This is consistent with what doctors already know about tachycardia-induced cardiomyopathy, which is mostly reversible. When a person’s heart rate decreases, the function of heart tissue returns to normal.
In another experiment, the researchers induced tachycardia in another group of engineered heart tissue. Then, after stopping the stimulation, the research team replenished the tissue with NAD, a molecule that supports energy responses, and saw heart cell function recover more quickly. The replenished tissue recovered 83% of its original function by the first day, while the untreated group showed little improvement.
To validate their findings, the research team compared the engineered heart tissue with human clinical data and data from a dog model. “We were surprised at how well the artificial heart tissue mimicked a real human heart,” Tu said.
Unraveling molecular switches
During tachycardia, the heart may have a hard time pumping blood to other parts of the body because the rapid heart rate causes the ventricles to fill and not be able to fully contract. If this condition lasts for several days or weeks (which can occur in severe cases), blood vessels are no longer able to supply enough oxygen to heart tissue and other parts of the body.
When the heart is beating normally, it uses fat as an energy source, and it requires large amounts of oxygen to break down fat. Without oxygen, the heart switches to sugar as its fuel source in a process called metabolic rewiring. Fuel switching and hypoxia, or lack of oxygen, contribute to a decrease in the NAD/NADH ratio, an important chemical that helps maintain the function of a protein in heart tissue known as SERCA.
“Different levels of SERCA proteins function like the gas and brake pedals in a car,” Tu said. When the researchers increase his amount of NAD, the heart’s gas pedal is stepped on, and SERCA proteins enhance the heart rate of the engineered cells. As it decreases, it puts a brake on the artificially created heart tissue, causing it to beat more slowly.

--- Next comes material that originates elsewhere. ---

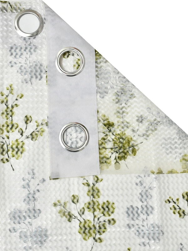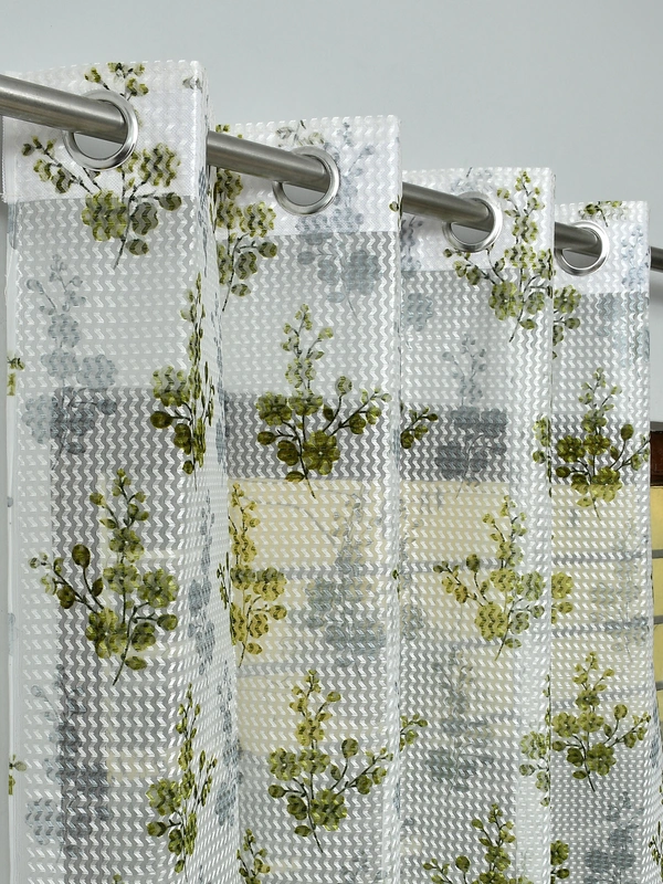 Panipat Textile Hub Semi Transparent Net Curtains (florel Design ,Green) Pack of 2

Clinicians believe that administering NAD to patients through over-the-counter supplements or IV injections can restore chemical balance and accelerate patient recovery.
This study shows the importance of new ways to model the disease, as well as the potential for new supplements to help patients recover from tachycardia. Last year, President Joe Biden signed the FDA Modernization Act 2.0, which eliminated the requirement for animal testing before human drug trials. “Currently, there is a growing need for non-animal models to complement animal models,” Tu said. “This study proves that a universal non-animal model can be used to model complex cardiac conditions to study this disease and test potential treatments.”
This research was supported by funding from the American Heart Association, the National Institutes of Health (grants K99 HL164962, K01 HL130608, R01 HL151345, R01 HL163680, R01 HL141371, R01 HL113006, R01 HL150693, and P01 HL141084), and the National Aviation Administration. I did. and the Space Administration.